I was going through a status-quo bull sale catalog with my kids the other night. We enjoy looking at the pictures and practicing our “livestock judging” skills. If something looks decent, we may take a look at the EPDs. My kids are getting pretty good at visual appraisal and are wanting to know more about data, EPDs, and ratios. This pastime has become one of the best teachable moments for my kids.
When we are working cows, we rarely have the time (or patience!) to critique them. We are usually up against a deadline, weather, circumstances, or just poor planning. I know, I’m getting better, but life has a way of changing my plans! Looking at a sale catalog in the evenings after dinner is a low-stress way of analyzing cattle and teaching my kids.

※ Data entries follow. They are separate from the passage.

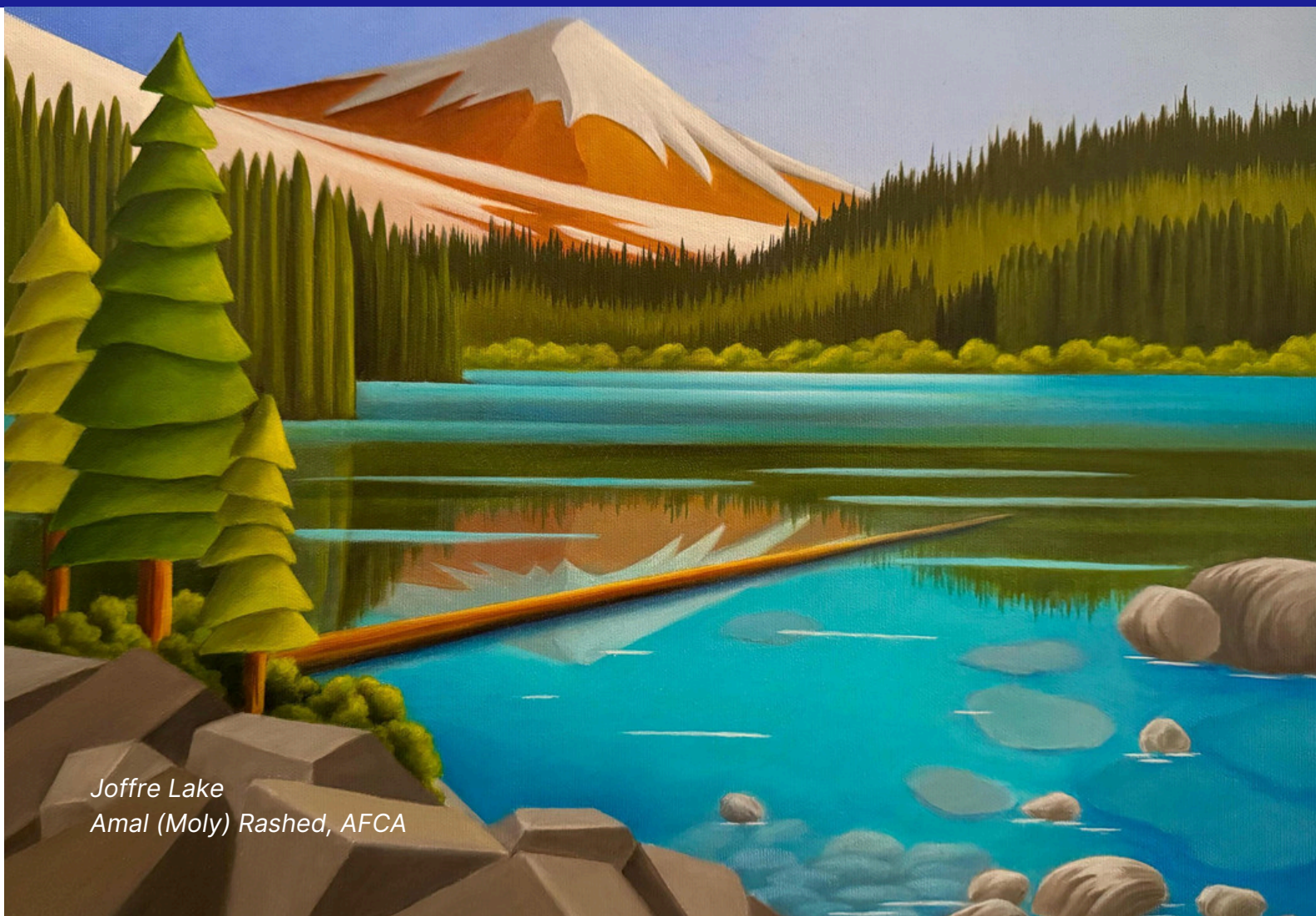
Joffre Lake Amal (Moly) Rashed, AFCA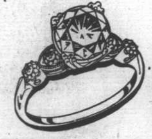
Exceptionally fine diamond in unique ring. $295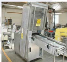
UBE 90-75 Slicer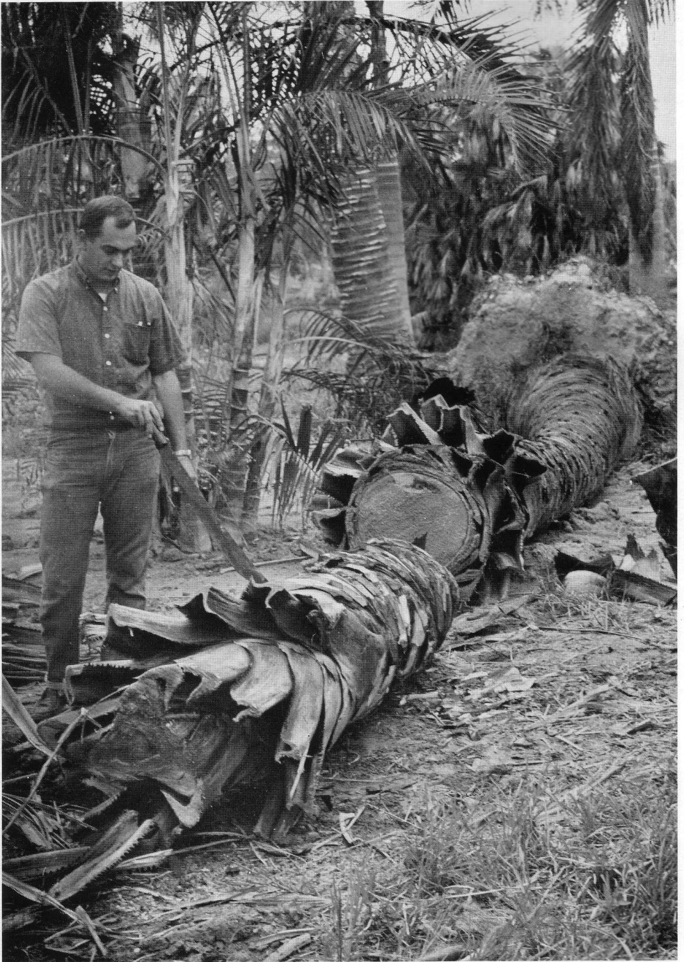
1. Corypha elata , preliminary cuts and trimming.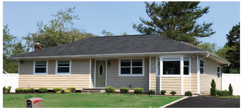
East Moriches—$439,900 Move right in! Newly renovated 3 bedroom, Newport Beach ranch with inground pool. Won't last!

East Moriches—$549,900 Spacious Newport Beach colonial with everything new! Inground pool, beach and boating rights too!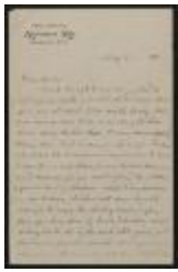
Letter: Dear Helen from P.T. Barnum, August 8, 1890 (BM-MSS 002 S01 B01F07)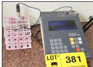
FISHER SCIENTIFIC ACCUMET 915 digital PH meter

CONTACT 416.962.9600 TO CONSIGN EQUIPMENT AT AN UPCOMING AUCTION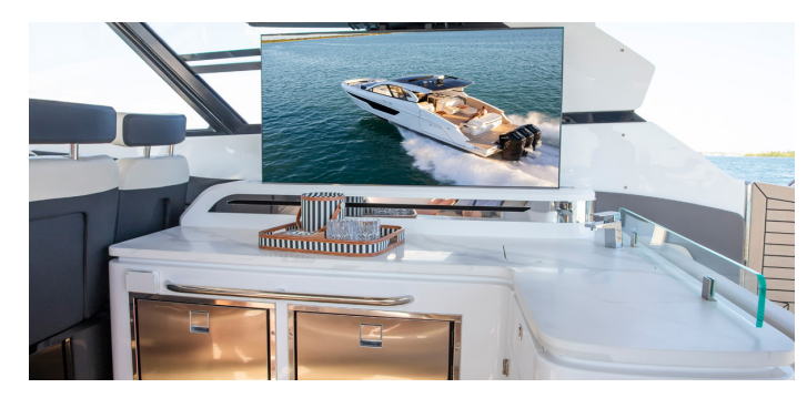
GALLEY - The galley features a fiberglass inlay sink, fridge, and storage. There is also an option for a second refrigerator. The galley is located in the cockpit for easy flow of conversation to guest sitting at the dinette. There is an optional pop up 55' TV.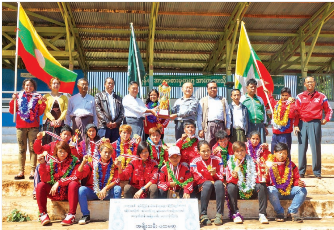
Kyaukmae District Women Football Team win 2015 Shan State Chief Minister's Trophy held in Taunggyi.

They took pictures with the town-elders.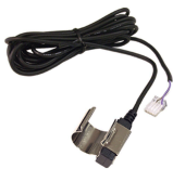
178PA28A Freeze Probe Kit, 10k OHM, For MultiWave systems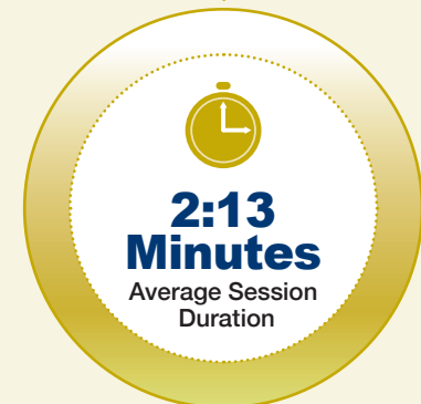
Based on 2025 Data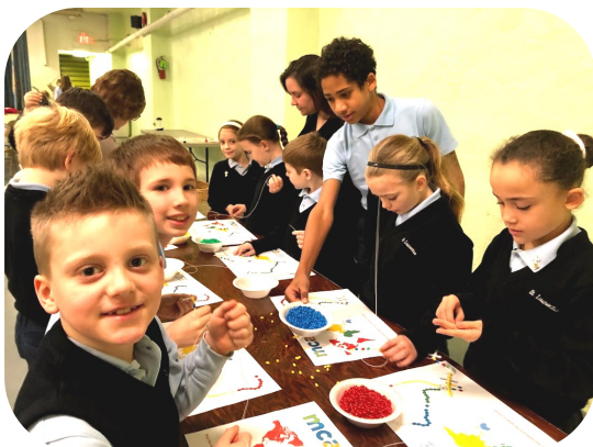
Saint Laurentius in Philadelphia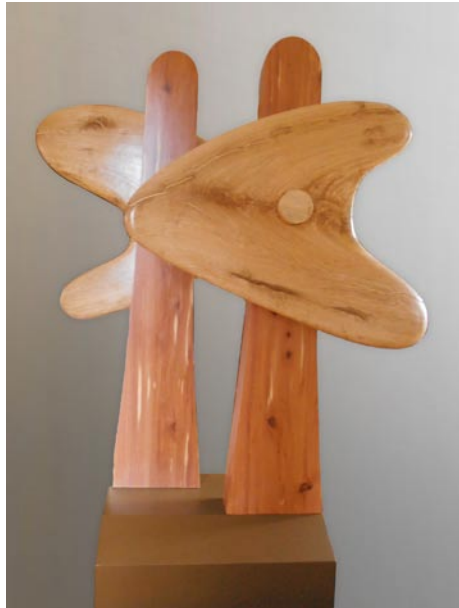
Work by Don Green

The inspiration for Don Green's New Work comes from and is influenced by nature, trees, streams, roots, rocks, hills, and the processes of life: creation, new growth, death, decay, erosion, the changing seasons.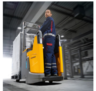
Spacious stand-on platform for maximum ergonomics and operator safety, with an optional foot protection sensor.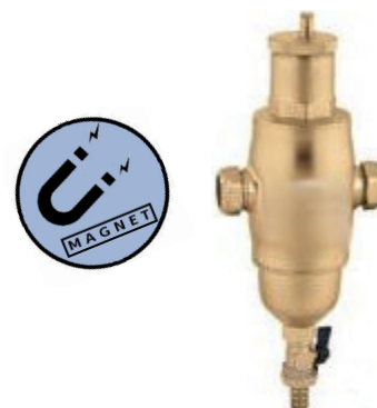
Product group 83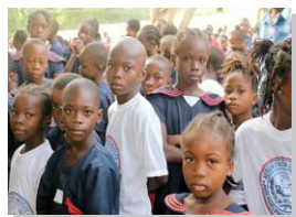
Children returning to school in Liberia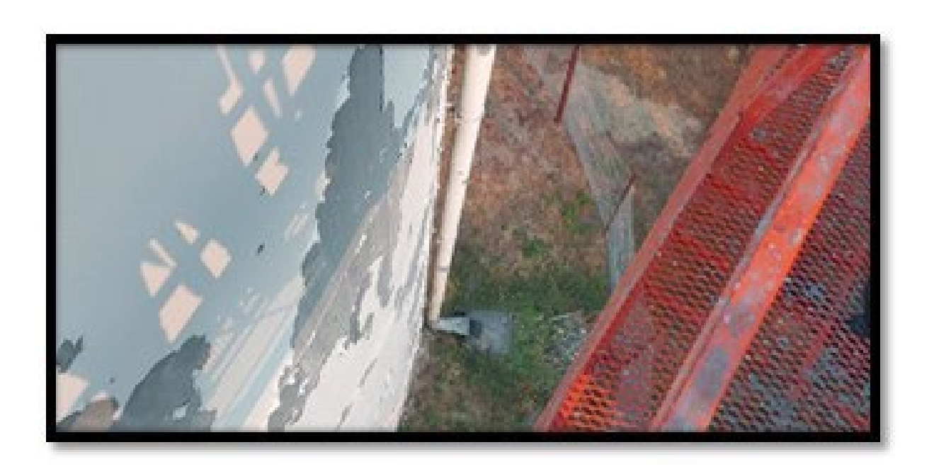
The paint is flaking off exterior of the water tower.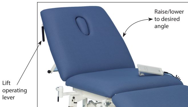
Fig 5: Adjusting the backrest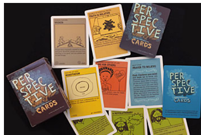
The Perspective Cards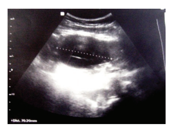
Figure 1. Sonography of the hepatic mass

A 32-year-old woman presented with flank pain. She was found to have a hepatic cyst by sonography in the medial segment of the left hepatic lobe, which measured 70 mm in diameter (Figure 1) and was confirmed by CT scan (Figure 2).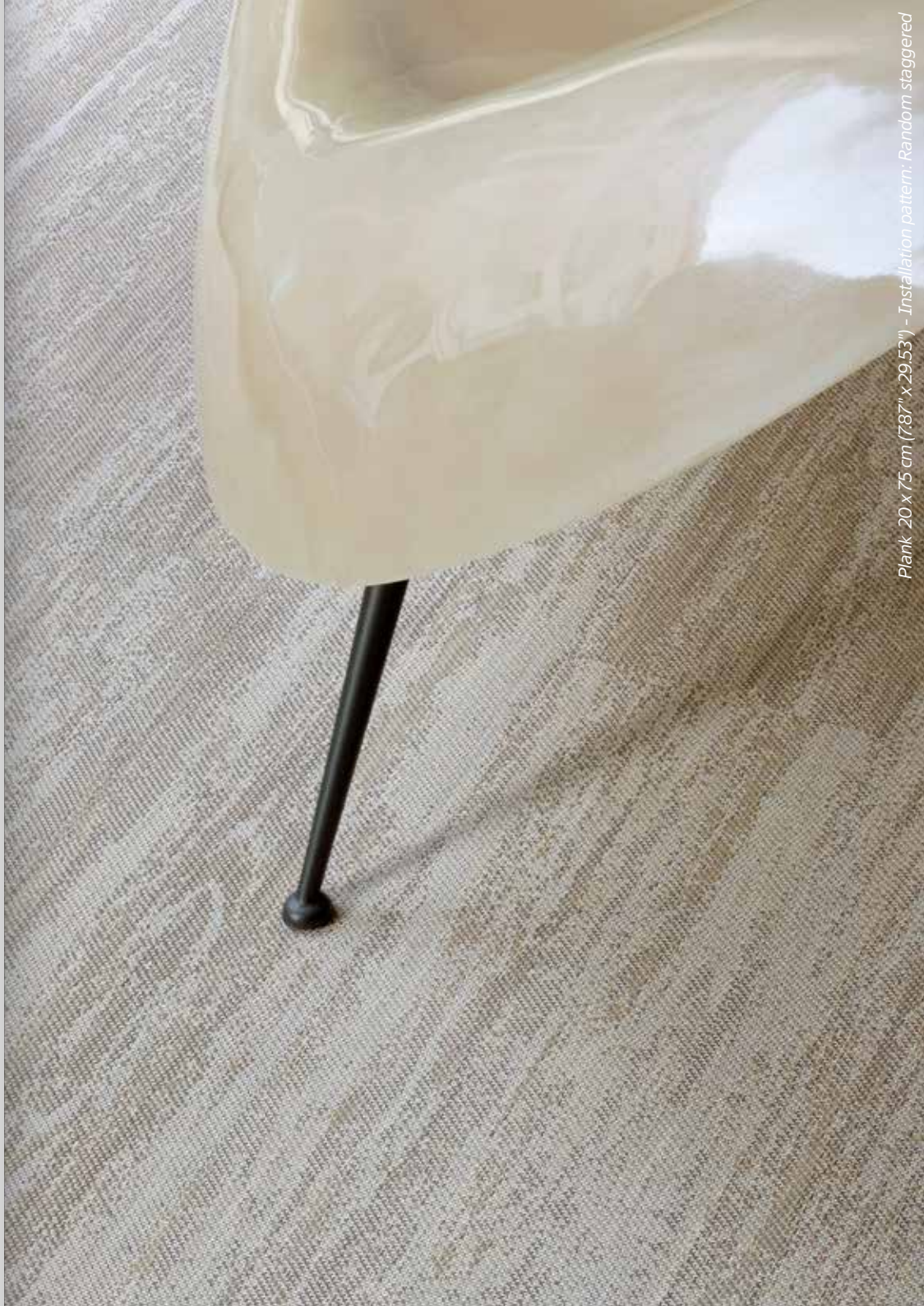
Plank: 20 x 75 cm (7.87" x 29.53") - Installation pattern: Random staggered

The first and most common observation when looking through a status-quo sale catalog is that the cattle are overfed and too fat. This is so common that we rarely comment on it anymore. The second common observation is a lack of depth and long legs. These two go hand-in-hand. When I was first explaining lack of depth, I would point out how long the legs looked. A high flank and lack of guts are also key indicators of no depth. These are the easy characteristics to identify.
Structural flaws are more subtle but of equal importance. Things like high tailheads, long necks, post-legged, level hips, small nuts, and not tracking are structural problems that are better observed in the flesh. It’s a challenge to try to pick some of these out from a catalog picture – but always fun to try.
My son was trying to find one cow in a particular catalog that would be worth buying. The conversation moved to probabilities and ended with focusing on the program. We might be able to find one cow, but the entire program was flawed! Then we discussed risk and why one decent cow from a backward program probably wasn’t going to make it in our herd.
The key point in all of this is that one should start with a reputable program that has similar philosophies and low-maintenance cattle. Then you can start to visually appraise and select the cattle that meet your requirements. Trying to find one good cow in a backward program is a waste of time, effort, and money.